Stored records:

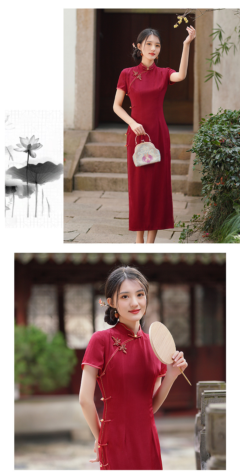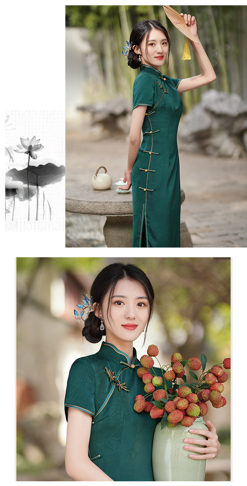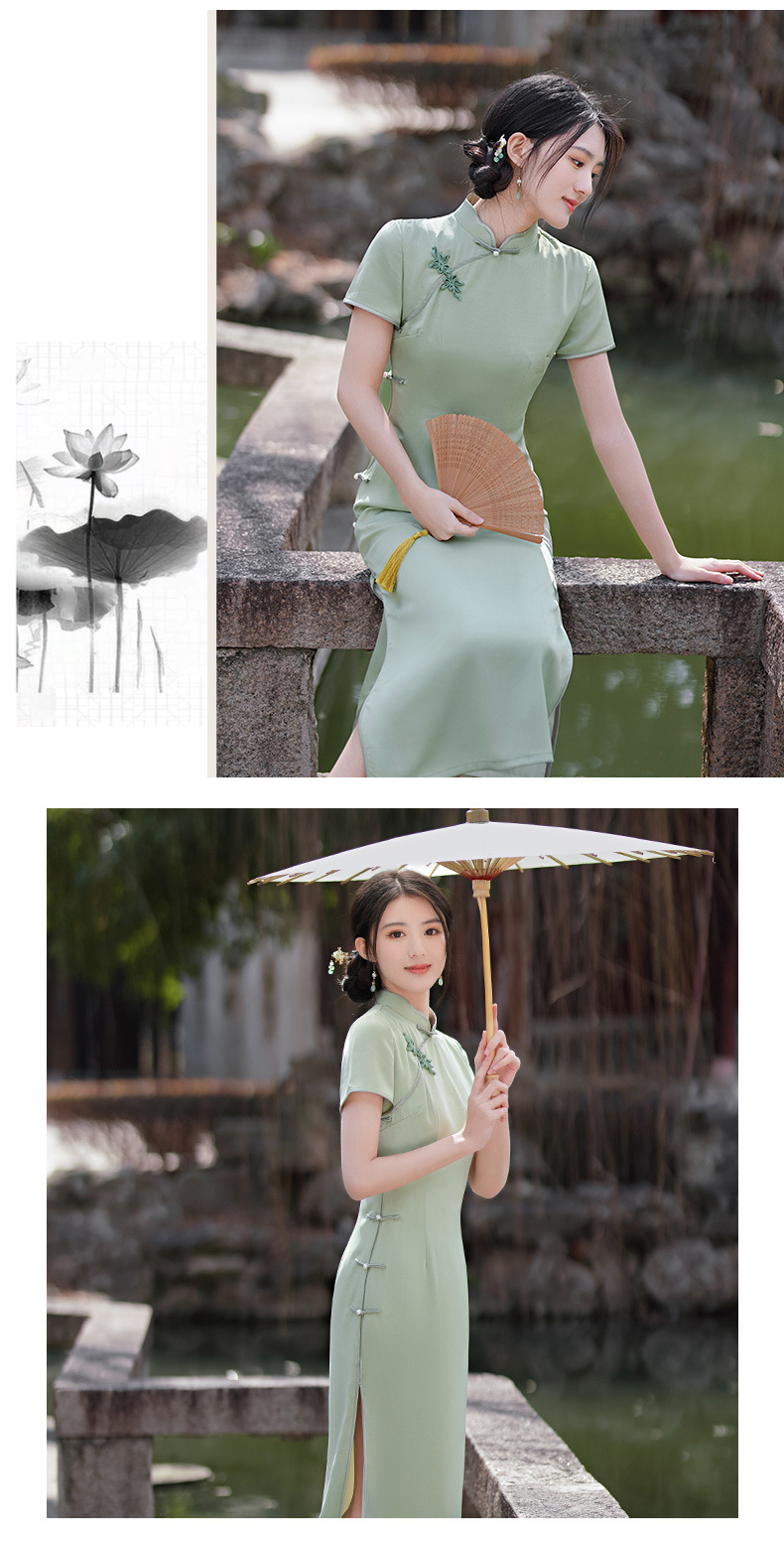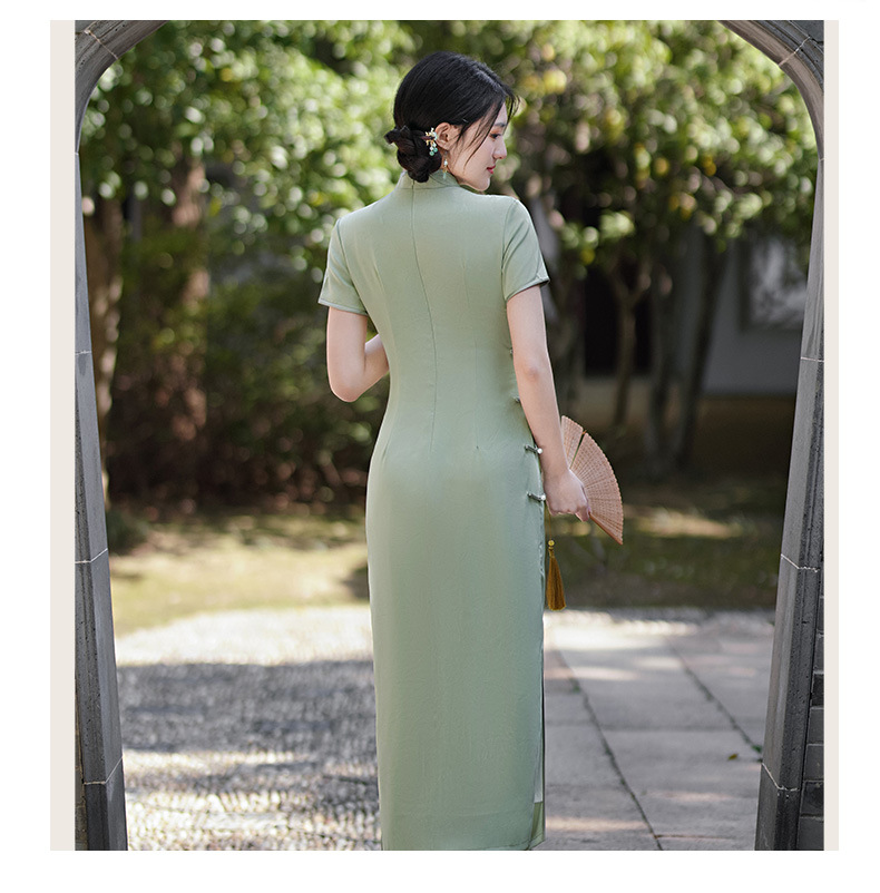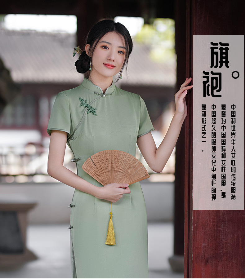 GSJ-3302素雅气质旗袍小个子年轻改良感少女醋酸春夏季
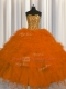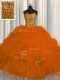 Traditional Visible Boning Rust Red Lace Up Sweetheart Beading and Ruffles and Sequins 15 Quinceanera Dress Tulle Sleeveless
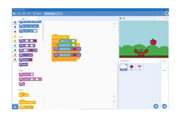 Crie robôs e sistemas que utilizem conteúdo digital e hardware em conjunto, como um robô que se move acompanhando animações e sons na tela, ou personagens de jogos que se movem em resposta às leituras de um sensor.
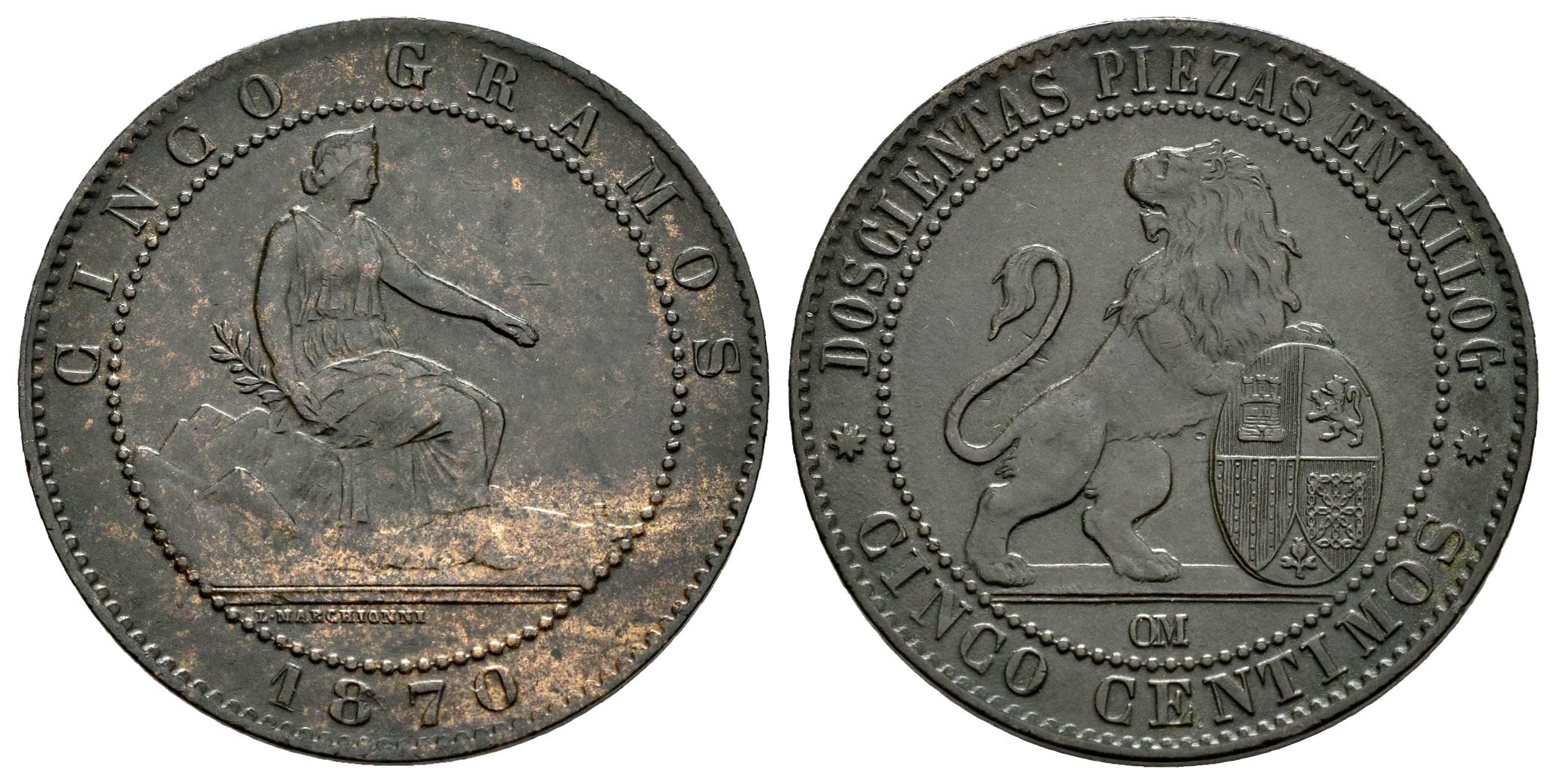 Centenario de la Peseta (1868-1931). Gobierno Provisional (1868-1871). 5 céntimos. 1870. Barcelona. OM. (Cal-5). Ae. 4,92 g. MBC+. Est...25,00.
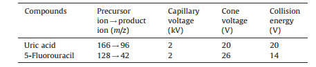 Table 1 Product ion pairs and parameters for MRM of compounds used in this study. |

What is needed | Exactly as written, repeat the lines from the beginning of the entries up to and including the line with "Traditional Visible Boning", but not the pictures.

Final answer |
 GSJ-3302素雅气质旗袍小个子年轻改良感少女醋酸春夏季
 Traditional Visible Boning Rust Red Lace Up Sweetheart Beading and Ruffles and Sequins 15 Quinceanera Dress Tulle Sleeveless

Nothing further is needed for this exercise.